Volume 13, Issue Supplement, 2015
Dualismes: Doctrines religieuses et traditions philosophiques
Heteros theos comme approche du dualisme dans la pensée d’Origene
Of all the approaches to the concept of dualism in Origen’s thought, this article concerns the issue which does not seem very obvious : his understanding of the expression heteros theos. Is it possible to call Jesus “the other God”, existing aside from the only God ? Thanks to the Dialogue with Heraclides, we can judge the profundity of the issue. According to the Dialogue, heteros theos resembles the language used by Marcion, in which “the other God” means the Demiurge, an antagonist of the merciful God. But the expression also invokes the Judeo‑Christian inspired Christology, in which “the other God” signifies a manifestation of the God Jehovah, or a secondary deity, subordinate to Jehovah. In his other writings, Origen usually avoids calling Christ heteros theos, precisely because of the similarity to marcionism and monarchianism.

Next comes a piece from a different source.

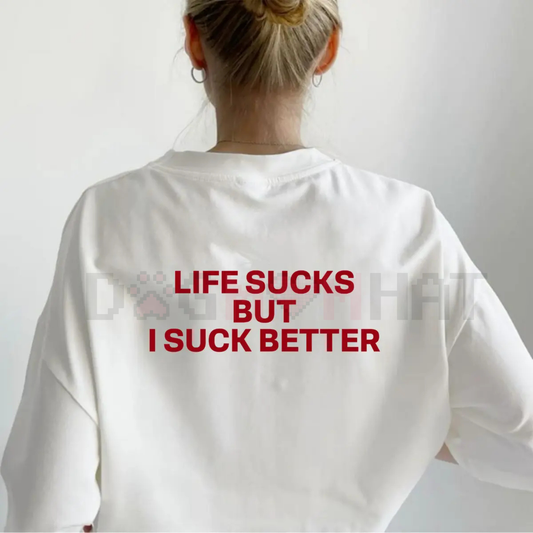 Funny Streetwear Graphic Tee – "Life Sucks But I Suck Better" Statement T-Shirt

However, forced to resolve the theological problem presented in the Dialogue, Origen decides to explain the meaning of the term “heteros”. His explanations are inspired by Aristotle’s categories, much simplified and illustrated by examples from the Bible. Origen shows that “difference” can be understood as opposition, but there are other possible interpretations of the term. More than anything, it is relative towards a particular characteristic. Origen’s argumentation, in comparison with other discussions concerning the term (Justin Martyr and Tryphon, Peter and Simon the Magician), illustrates that the understanding of God as “different” may lead to the emergence of dualistic concepts, which are often very radical.